Reporter: donatus nador
Redaktur: donatus nador
Jakarta, INDONEWS.ID--Barito Putera melayangkan surat protes ke PSSI, menuding PSM Makassar mainkan 12 pemain saat laga pekan ke-16 Liga 1 2024-2025 di Stadion Batakan Balikpapan, Minggu (22/12/2024) sore.
Pada pertandingan tersebut, PSM menang 3-2 atas Barito Putera. Kemenangan ini digugat, sebab sekitar menit ke-90+8, pelatih PSM Bernardo Tavares melakukan pergantian pemain, Syahrul Lasinari dengan Fahrul Aditia.

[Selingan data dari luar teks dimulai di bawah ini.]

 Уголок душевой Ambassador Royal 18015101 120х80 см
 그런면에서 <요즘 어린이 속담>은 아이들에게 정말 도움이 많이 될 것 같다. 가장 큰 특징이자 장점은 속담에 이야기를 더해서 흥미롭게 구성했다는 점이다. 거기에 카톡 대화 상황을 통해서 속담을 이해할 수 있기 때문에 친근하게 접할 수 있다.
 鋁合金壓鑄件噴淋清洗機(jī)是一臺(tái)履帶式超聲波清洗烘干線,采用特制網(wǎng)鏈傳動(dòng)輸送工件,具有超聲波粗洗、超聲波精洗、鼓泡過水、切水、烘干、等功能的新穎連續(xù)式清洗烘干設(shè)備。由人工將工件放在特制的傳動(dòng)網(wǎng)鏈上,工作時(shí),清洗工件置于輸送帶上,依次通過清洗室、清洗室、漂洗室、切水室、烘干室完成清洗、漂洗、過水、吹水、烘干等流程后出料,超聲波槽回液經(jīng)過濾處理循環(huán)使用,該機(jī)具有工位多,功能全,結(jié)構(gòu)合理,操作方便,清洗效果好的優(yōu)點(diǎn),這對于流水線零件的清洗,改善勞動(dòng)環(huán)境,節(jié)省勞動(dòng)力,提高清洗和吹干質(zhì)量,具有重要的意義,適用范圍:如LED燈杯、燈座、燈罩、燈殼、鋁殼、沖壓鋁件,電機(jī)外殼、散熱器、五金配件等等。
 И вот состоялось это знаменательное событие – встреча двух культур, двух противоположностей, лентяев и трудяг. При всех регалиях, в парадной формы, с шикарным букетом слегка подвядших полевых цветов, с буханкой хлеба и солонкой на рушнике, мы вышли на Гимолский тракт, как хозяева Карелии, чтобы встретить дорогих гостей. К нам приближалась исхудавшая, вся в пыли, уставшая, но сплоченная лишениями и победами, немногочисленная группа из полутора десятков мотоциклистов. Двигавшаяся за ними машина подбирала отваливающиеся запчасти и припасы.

Selain melayangkan protes ke PSSI, Barito juga menyampaikan protes melalui Instagram Official klub. Dalam Instagram itu, diunggah sebuah video dengan caption yang mengutip Pasal 56 dan Pasal 28 Kode Disiplin PSSI.

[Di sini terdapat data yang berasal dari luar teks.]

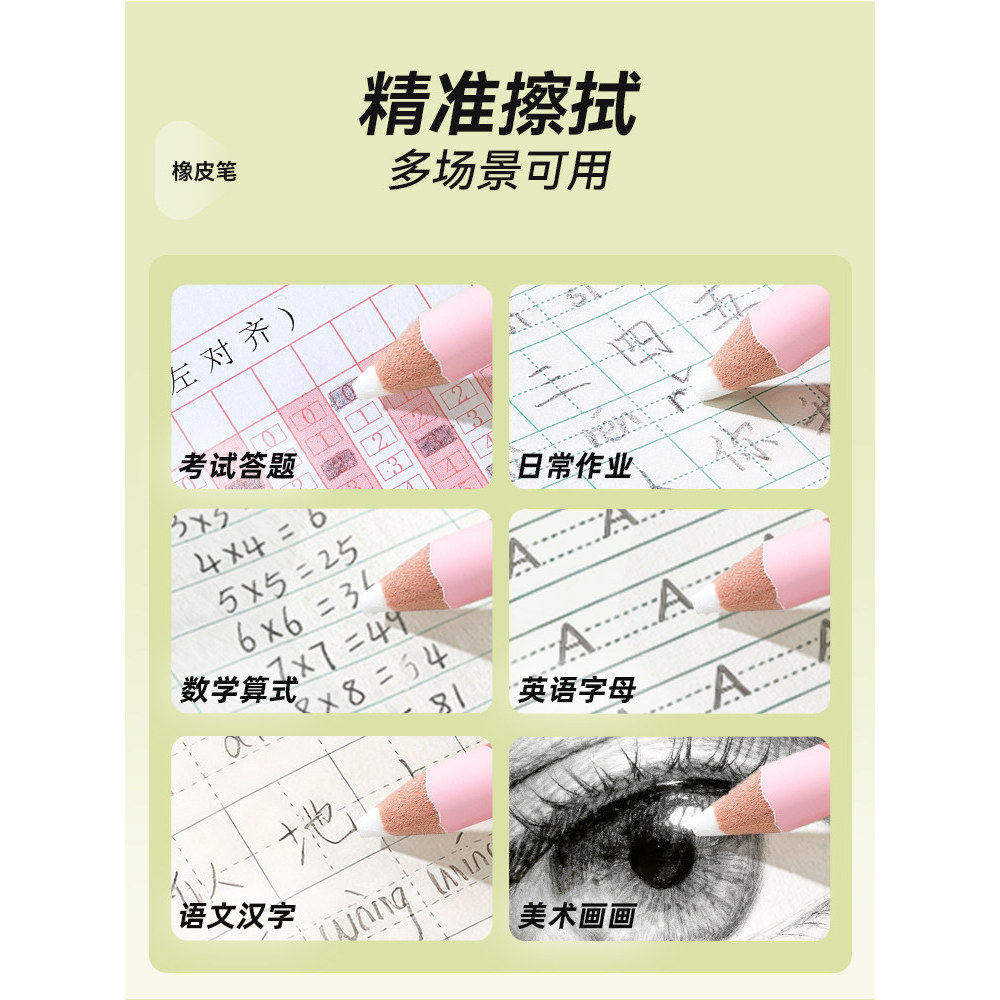 猫太子铅笔型橡皮擦精准擦拭橡皮笔铅笔式粗杆可擦笔无屑超干净小学生考试美术生专用绘画素描儿童幼儿园无毒
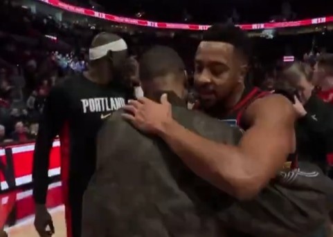 赛后,此役重回波特兰的麦科勒姆与老队友利拉德相拥致意。
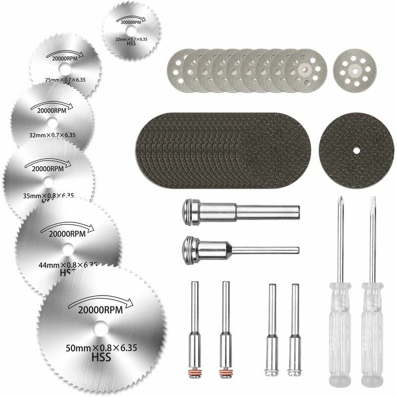 , 6 dischi da taglio HSS con gambo da 1 1/4'' e 1 1/8'' asta, 20 dischi da taglio in resina incastrati in 2 pezzi. Dorsi da 1/8'', 2 pz. Cacciavite. 【Qualità Premium】 Questo mini disco da taglio diamantato realizzato in acciaio ad alta velocità, particelle di diamante e fibra di vetro è resistente e durevole. Le lame della sega sono ben pre-oliate, il che dovrebbe avere un effetto positivo sulla durata. 【Facile da installare】 Questo set di lame per seghe circolari è facile da installare e facile da installare e sostituire. Il fatto che una freccia sia sul bersaglio indica la direzione del movimento - questo evita il rischio di lesioni. 【Uso versatile】 Queste ruote da taglio con lame HSS Strumento di tornitura compatibile adatto per legno, plastica, fibra di vetro, pietra, rame, alluminio e lamiera sottile. I dischi da
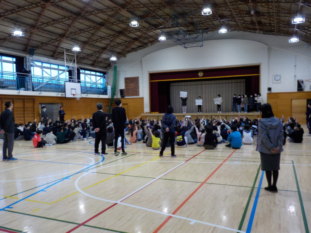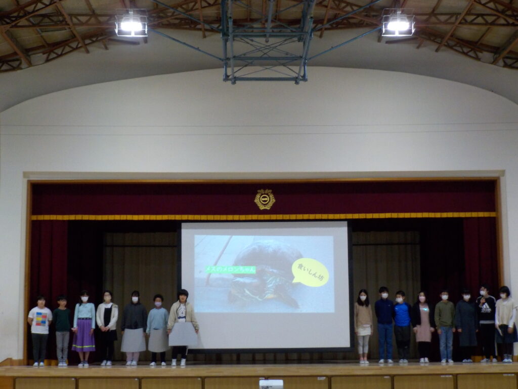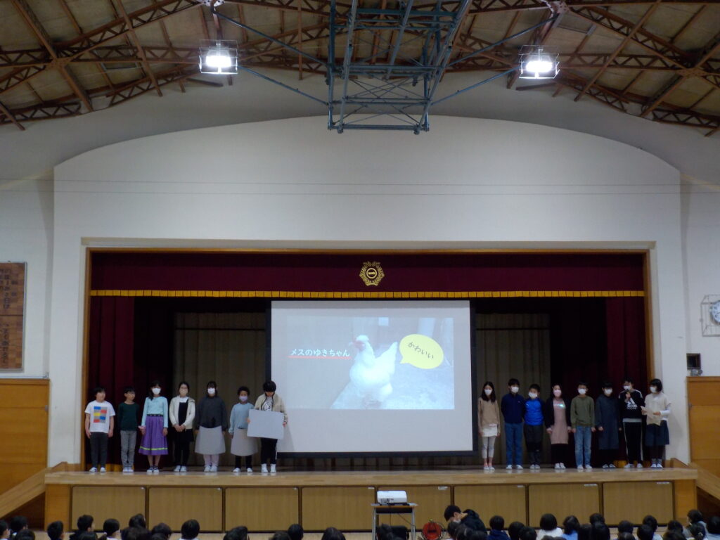 飼育委員会の委員会集会がありました 2023年12月6日 最終更新日時 : 2023年12月6日 寺岡 12月6日水曜日、飼育委員会の委員会集会がありました。飼育委員会がどんな仕事をしているかスライドで紹介し、また、亀やチャボについての3択クイズを出題して全校児童を楽しませました。
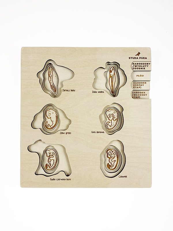 Descobre como se formam e crescem os embriões de 6 espécies com este fantástico puzzle em madeira de 4 níveis da Stuka Puka.

"Dear, PSSI dan Liga 1. Kami bermain melawan 12 pemain. Terlihat pemain PSM Makassar berjumlah 12 pemain yang berada di dalam lapangan," demikian pernyataan di instagram resmi Barito.

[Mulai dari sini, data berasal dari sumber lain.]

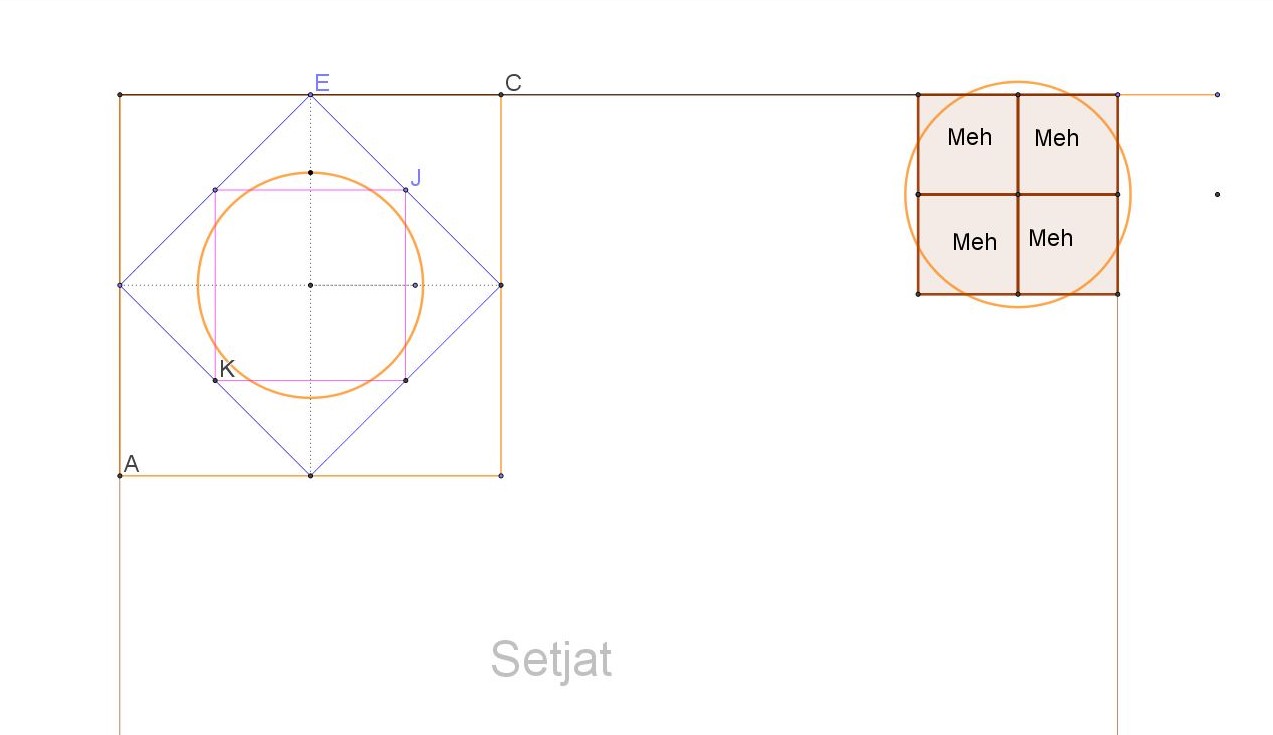 De ces 4 carrés surface nous avons en orange tracé le cercle qui a la même aire que ces 4 carrés Meh et que nous avons reportés dans le carré en haut à gauche.

Lanjut pernyataan itu, "Berdasarkan kode Disiplin PSSI, Pasal 56, `Apabila seorang pemain yang tidak sah sebagaimana dalam ayat 1 bermain di pertandingan resmi, maka timnya akan dijatuhi sanksi dinyatakan kalah dengan pemotongan poin (forfeit) pada pertandingan tersebut sesuai dengan Pasal 28 Kode Disiplin PSSI ini dan denda minimal Rp. 90.000.000".
"Apabila pemain yang tidak sah itu terlibat dalam pertandingan persahabatan, maka timnya dijatuhi sanksi dinyatakan kalah 0-3 dengan pengurangan poin (apabila berlaku) sesuai dengan Pasal 28 Kode Disiplin ini dan denda minimal sebesar Rp.40.000.000`," sambung pernyataan itu.
Protes ini sebagai upaya menekankan pentingnya penegakan aturan dalam kompetisi Liga 1 untuk menjaga fair play dan integritas sepak bola Indonesia.
Manajer Barito M Ikhsan Kamil mengatakan, pihaknya telah mengirim surat resmi yang disampaikan ke PSSI sebagai tindak lanjut dari kontroversi tersebut.
"Kami sudah mengirimkan surat ke Komdis cc Dirut LIB dan komite wasit PSSI," kata Ikhsan Kamil dikutip Kompas.com, Senin (23/22/2024)
Diketahui, usai menjalani laga melawan PSM, Rahmad Darmawan mengonfirmasi terkait protes di lapangan yang sempat memanas.
"Setelah pertandingan berjalan kurang sekian menit, ada pergantian pemain dari PSM dan kenapa tadi ada sedikit ribut? Di situ terjadi satu pelanggaran dari pasal pertandingan yang apabila seorang pemain yang tidak sah, akan dikenakan sanksi, sanksinya kalah," tuturnya saat menggelar konferensi pers.
"Kenapa dibilang tidak sah? Karena mereka bermain dengan 12 pemain dan itu jelas ada rekamannya. Kami sudah mencoba untuk menyampaikan bahwa ada 12 pemain, mereka emosi jadi ya sudah enggak apa-apa, kami meredam kondisi ini. Kami akan melayangkan surat resmi, itu urusan manajemen," katanya.
Apalagi menurut Rahmad Darmawan, salah satu pemain PSM, Syahrul Lasinari juga sudah mengakui kejadian tersebut.
"Pemain mereka (PSM) datang kepada saya dan berkata "Iya Coach, kita tahu bermain dengan 12 pemain, tetapi wasit bilang play on, makanya kami terus bermain," tuturnya.